Ada sesuatu yang mengganjal di hati Rinai. Karena sejak pertemuannya dengan Arta beberapa hari yang lalu, Rinai tidak menemukan lelaki itu lagi. Arta mendadak tidak ada kabar. Menghilang begitu saja. Rinai mencoba menghubungi Arta beberapa kali, namun tidak ada jawaban dari lelaki yang kini sangat berpengaruh dihidup Rinai.

Hal ini sudah biasa memang, namun entah kenapa, Rinai merasa bahwa menghilangnya Arta kali ini, adalah bentuk pertanda bahwa ada sesuatu yang tidak baik-baik saja dari lelaki itu. Rinai tentu khawatir dengan Arta. Terlepas dari rasa takut kehilangannya, Rinai lebih khawatir lelaki itu sedang dalam keadaan tidak baik-baik saja.

Maka hari ini Rinai memutuskan untuk pergi kerumah Lora. Entahlah, dia hanya ingin mencoba mencari tahu keberadaan Arta karena siapa tahu, sepupu Arta itu akan mengetahui dimana Arta. Sore ini, dia berangkat kerumah Lora diantar oleh Regan.

Selama diperjalanan, Rinai banyak diam. Karena banyak sekali yang memenuhi isi kepalanya saat ini.

"Bengong aja lu, Cil," ujar Regan ketika menyadari adiknya hanya terdiam melamun menatap jendela mobil.

Mendengar suara Regan, sontak Rinai menoleh ke arahnya. "Nggak bengong, Bang."

Regan hanya mengangguk singkat. Enggan mengampuni urusan adiknya itu.

Tak lama kemudian, Rinai tersadar akan satu hal. "Akhir-akhir ini, abang lagi sering sama Lora ya?" tanya Rinai kepada Regan yang sontak membuat lelaki itu sedikit terkejut.

"Sok tau lo, Cil."

"Tinggal bilang iya aja kenapa sih, Bang?"

Regan menghela napasnya pelan. "Iya, deket karena gue udah anggep dia kaya adek gue, Nai. Sama kaya ke lo," jawab Regan menjelaskan.

Rinai menatap Regan dengan sedikit bingung. "Terus, abang berharap kalo Lora juga bakal anggep abang kaya abang sendiri gitu?"

Dengan ragu Regan mengangguk pelan. "Iyalah, apa lagi?"

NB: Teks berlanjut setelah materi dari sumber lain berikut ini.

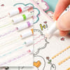 Fancy little markers here! It uses a tiny scroll wheel to circulate and print the pattern on the paper, which is a brilliant design and works incredibly well. It comes with beautiful packing and high quality; our curve highlighter pens are perfect for arts and crafts, DIY projects, coloring books, and journaling. It will be a fantastic gift for a teacher, writer, or artist. Please note - Because of the roller design, the pen should be perpendicular to the paper to get a complete pattern. This product includes 6 marker pens in assorted colors and patterns.

"Nggak bisa gitu lah, Bang. Gimana kalo ternyata Lora ngerasain hal lain? Gimana kalo Lora ngeliatnya bukan sebagai apa yang abang liat ke dia selama ini?" ujar Rinai dengan lembut.

"Aku tahu kalian sering bareng karena kemarin waktu aku kerumah Lora, aku gak sengaja liat WhatsApp nya, dan gak sengaja nama Abang diatas. Aku gak tanya Lora macem-macem kok."

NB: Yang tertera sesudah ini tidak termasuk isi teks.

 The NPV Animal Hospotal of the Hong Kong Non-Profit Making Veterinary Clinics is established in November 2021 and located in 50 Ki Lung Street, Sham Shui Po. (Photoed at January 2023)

Regan terdiam beberapa saat. Tiba-tiba saja dirinya teringat dengan beberapa hari lalu. Disaat dirinya bertemu dengan Lora. Dimana ada satu ucapan Lora yang sampai saat ini membuat Regan terbayang-bayang. Tidak mengerti dengan maksud dari ucapan Lora hari itu.

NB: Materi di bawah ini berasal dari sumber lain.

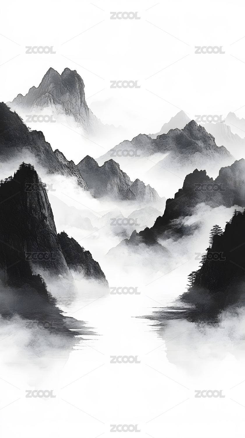 中国风高山水墨画插画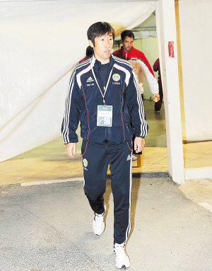| 1月2日,中国男足主教练高洪波在与伊拉克队的比赛后走出赛场。

"Gue gak mau semua kebaikan lo jadi salah arti di gue. Gue gak mau naruh harapan apapun sama cowok yang cuma anggep gue adek."

Regan bukan tidak mengerti. Dia cukup memahami apa yang dimaksud Lora. Namun, yang justru dia tidak mengerti adalah dirinya. Regan tidak memahami dirinya sendiri.

"Bang, kalo gak bisa, jangan mulai apa-apa. Abang tahu aku gimana ke Arta. Jangan sampe temenku ngerasain yang aku rasain, Bang," pinta Rinai sambil terus menatap Regan.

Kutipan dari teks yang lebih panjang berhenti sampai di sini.